# PDF Text Mining using PDFMiner

## Installation

`pip install pdfminer.six`

## How to Use
Below is an edited code example from [Tim Arnold's blog on *Manipulating PDFs with Python*]( https://www.binpress.com/tutorial/manipulating-pdfs-with-python/167). It has been modified to be compatible with Python 3.X. Most of it is boilerplate stuff that does not need to change. The only change that needs to be done is the filename and the  page(s) of interest. 

In [1]:
from io import StringIO
from pdfminer.pdfinterp import PDFResourceManager, PDFPageInterpreter
from pdfminer.converter import TextConverter
from pdfminer.layout import LAParams
from pdfminer.pdfpage import PDFPage  

Identify file and page of interest

In [2]:
filename = 'MDOT_fastfacts02-2011_345554_7.pdf'
pagenums = [3] # empty list does all pages

Create instances of classes necessary to read pdf

In [3]:
output = StringIO()
manager = PDFResourceManager()
converter = TextConverter(manager, output, laparams=LAParams())
interpreter = PDFPageInterpreter(manager, converter)
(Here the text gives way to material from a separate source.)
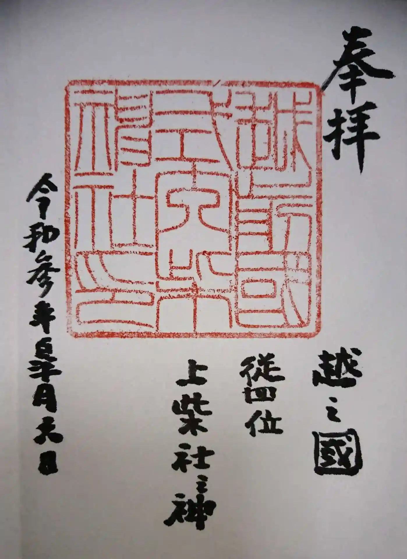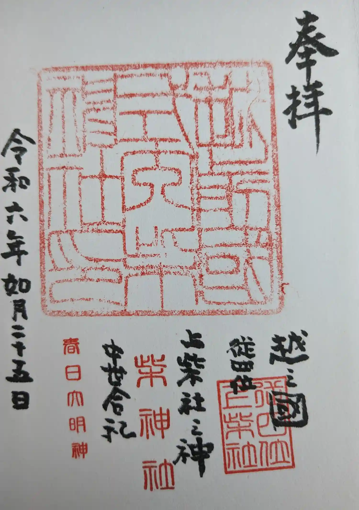 永平寺町松岡春日の柴神社さんにて、御竜印を直書きにていただきました(全39社の20社目)🖌️

Open the pdf and read & process page(s) of interest

In [4]:
with open(filename, 'rb') as fin:
    for page in PDFPage.get_pages(fin, pagenums):
        interpreter.process_page(page)

Get output string

In [5]:
text = output.getvalue()
converter.close()
output.close()

Let's look at the output text string

In [6]:
text

'Fast Facts\n\n201 7\n\nCARPOOL LOTS\n\n2015 MICHIGAN \nSTATE REVENUE PACKAGE\n\nn There are 261 carpool parking lots located across \n\nthe state, 23 of which are public-private partnerships. \nIncluded in the public-private partnerships are 17 \nlocations that MDOT has partnered with Meijer Corp. \nto provide carpool parking spaces in Meijer parking lots \nlocated near the highway.\n\nn MDOT continues its efforts to provide bike racks at \n\ncarpool lots, and to attract transit service to lots  \nwhere appropriate.\n\nCOST OF ROAD CONSTRUCTION \n\nRoadway construction costs are typically based on standard  \ndesign characteristics, materials, and the type of work performed. \nGeneral estimates are provided for the average cost per lane mile \nof major work by roadway type, and material costs. \n\nAverage Cost Per Lane Mile by  \nMajor Work Type for Various Networks  \n(2016 figures; in millions) \n\nWork Type \n\nReconstruction Rehabilitation Average R&R\n\n \n \n\nCombined \nStatewi

Pretty Print Text

In [7]:
from pprint import pprint as prettyprint
prettyprint(text)

('Fast Facts\n'
 '\n'
 '201 7\n'
 '\n'
 'CARPOOL LOTS\n'
 '\n'
 '2015 MICHIGAN \n'
 'STATE REVENUE PACKAGE\n'
 '\n'
 'n There are 261 carpool parking lots located across \n'
 '\n'
 'the state, 23 of which are public-private partnerships. \n'
 'Included in the public-private partnerships are 17 \n'
 'locations that MDOT has partnered with Meijer Corp. \n'
 'to provide carpool parking spaces in Meijer parking lots \n'
 'located near the highway.\n'
 '\n'
 'n MDOT continues its efforts to provide bike racks at \n'
 '\n'
 'carpool lots, and to attract transit service to lots  \n'
 'where appropriate.\n'
 '\n'
 'COST OF ROAD CONSTRUCTION \n'
 '\n'
 'Roadway construction costs are typically based on standard  \n'
 'design characteristics, materials, and the type of work performed. \n'
 'General estimates are provided for the average cost per lane mile \n'
 'of major work by roadway type, and material costs. \n'
 '\n'
 'Average Cost Per Lane Mile by  \n'
 'Major Work Type for Various Networks

Write out text to file

In [8]:
savefile = filename.replace('pdf','txt')
with open(savefile,'w') as fout:
    fout.write(text)

# Conclusion

Trying to reconstruct tables from pdf text mining tools looks like a formatting nightmare in the same realm as copy and paste.